CDK 1.5.12 give errors when parsing these three SMILES (all are ChEMBL compounds).

  • org.openscience.cdk.exception.InvalidSmilesException: could not parse O(CC)C(\C(\C(C(=O)OCC)=O)=N(/=C(C)N1C)\c2c1cccc2)=O, Multiple bonds specified:

The reason seems to be the /= bond specification

  • org.openscience.cdk.exception.InvalidSmilesException: could not parse OC(=C(\C\1=N\CCCN(CC)c2cccc(C)c2)O)\C\1=N/C(CCN3C(=O)OCC)CC3, Ring closure bonds did not match. Ring was opened with '\' and closed with '/'. Note - directional bonds ('/','\') are relative.

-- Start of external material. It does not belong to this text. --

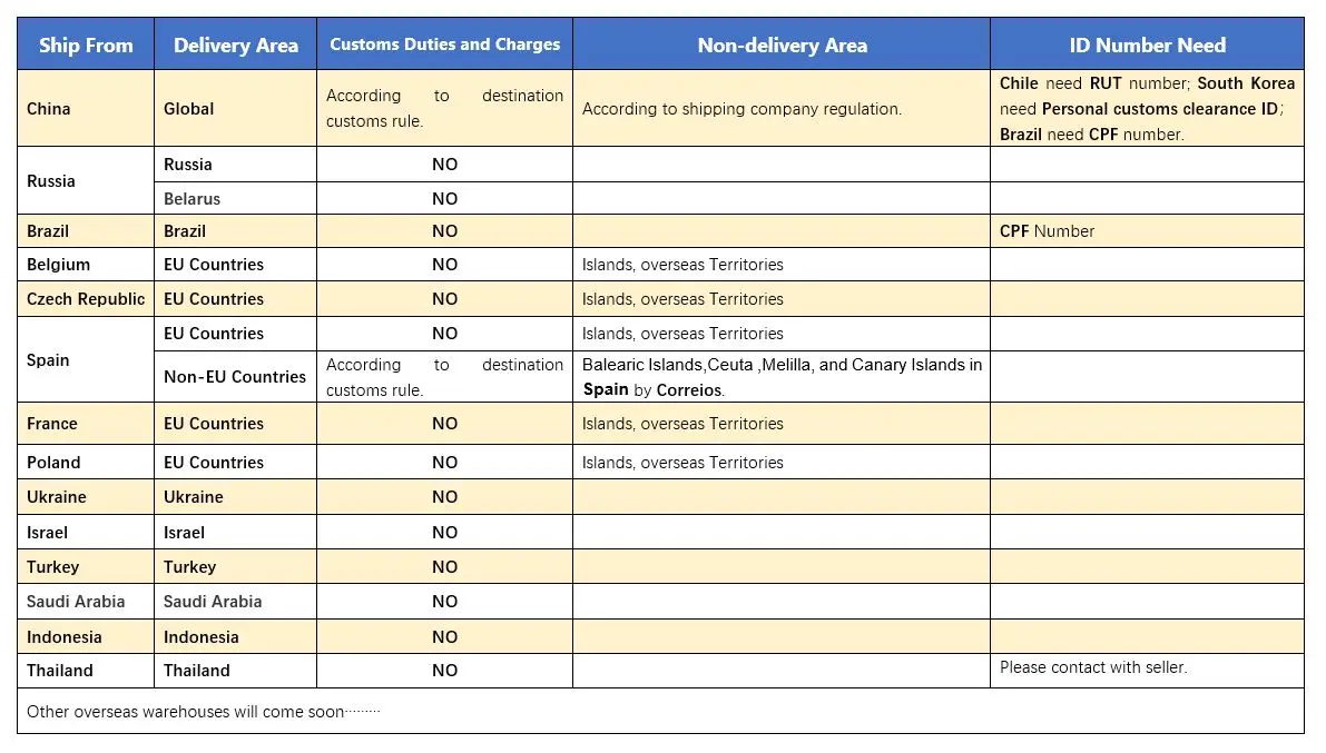 3. Таможенные пошлины и налоги не включены в стоимость доставки.

  • org.openscience.cdk.exception.InvalidSmilesException: could not parse 'Fc1ccccc1N2CCN(CC2)CC\N=C/3\C(=C(/C/3=N\C(CCN4C(=O)OCC)CC4)O)O', Ring closure bonds did not match. Ring was opened with '/' and closed with '\'. Note - directional bonds ('/','\') are relative.

OpenBabel and Chemical Identifier Resolver successfully parse all three.

Any ideas?

Related

Bugs: #1378

Discussion

  • John May

    John May - 2016-02-19

    Grrr ChEMBL and their crappy SMILES. These are bugs in which ever program they use to write the SMILES (Pipeline Pilot I think). I've told them about in numberous times but doubt they'll action it.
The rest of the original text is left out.